> _Material provided_:
□ □ □ □

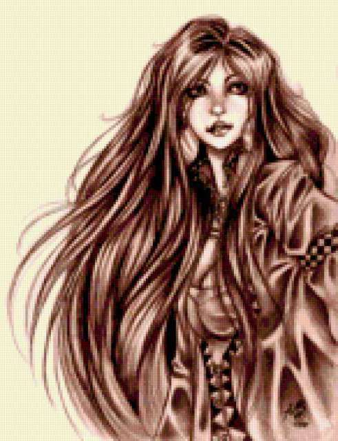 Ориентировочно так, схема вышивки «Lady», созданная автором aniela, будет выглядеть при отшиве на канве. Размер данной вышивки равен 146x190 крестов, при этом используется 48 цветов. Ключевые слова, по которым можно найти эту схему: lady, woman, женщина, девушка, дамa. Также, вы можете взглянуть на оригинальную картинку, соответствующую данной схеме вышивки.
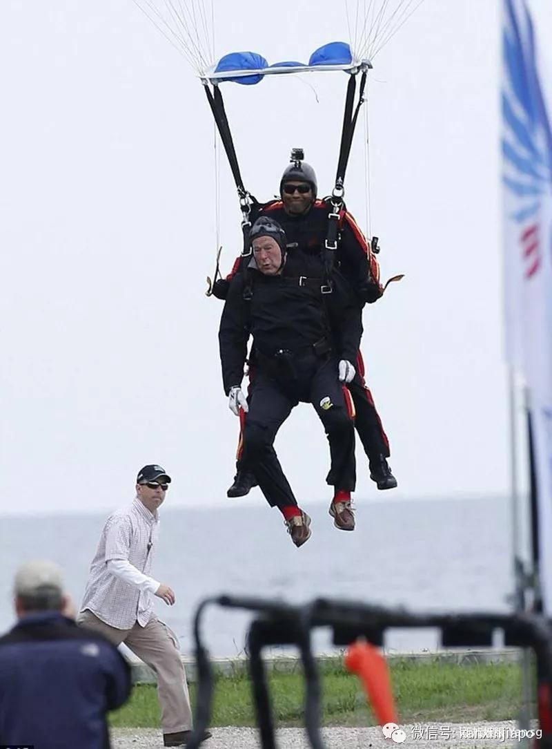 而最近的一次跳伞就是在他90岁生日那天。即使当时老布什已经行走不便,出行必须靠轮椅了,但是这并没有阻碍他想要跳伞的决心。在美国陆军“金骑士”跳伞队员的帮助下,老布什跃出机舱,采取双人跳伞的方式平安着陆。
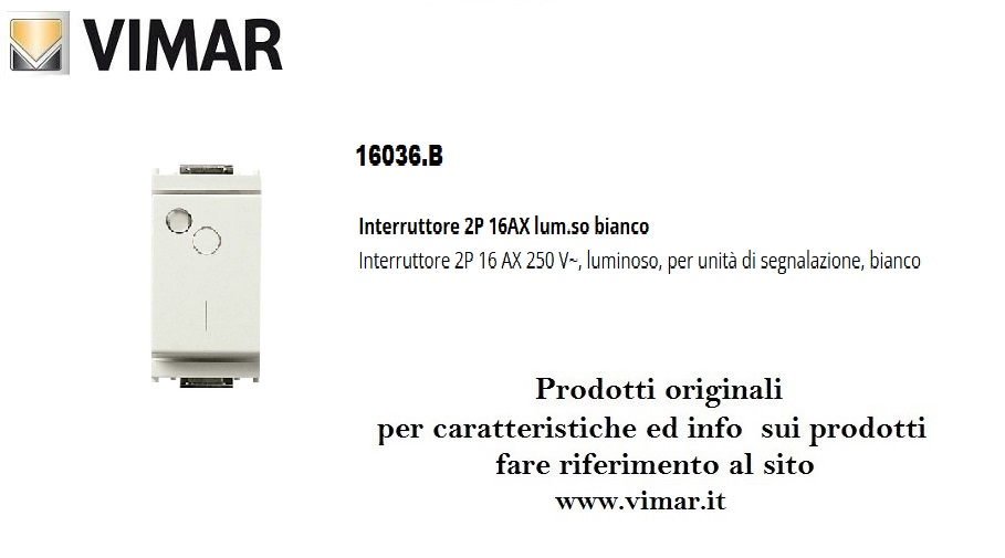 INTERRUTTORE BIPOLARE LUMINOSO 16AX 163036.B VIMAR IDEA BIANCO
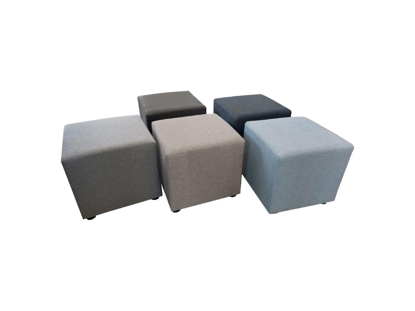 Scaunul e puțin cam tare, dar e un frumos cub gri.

□ □ □ □

> _Work required_: The answer must be the data above, repeated exactly, with no pictures.

> _Response to the task_:
 Ориентировочно так, схема вышивки «Lady», созданная автором aniela, будет выглядеть при отшиве на канве. Размер данной вышивки равен 146x190 крестов, при этом используется 48 цветов. Ключевые слова, по которым можно найти эту схему: lady, woman, женщина, девушка, дамa. Также, вы можете взглянуть на оригинальную картинку, соответствующую данной схеме вышивки.
 而最近的一次跳伞就是在他90岁生日那天。即使当时老布什已经行走不便,出行必须靠轮椅了,但是这并没有阻碍他想要跳伞的决心。在美国陆军“金骑士”跳伞队员的帮助下,老布什跃出机舱,采取双人跳伞的方式平安着陆。
 INTERRUTTORE BIPOLARE LUMINOSO 16AX 163036.B VIMAR IDEA BIANCO
 Scaunul e puțin cam tare, dar e un frumos cub gri.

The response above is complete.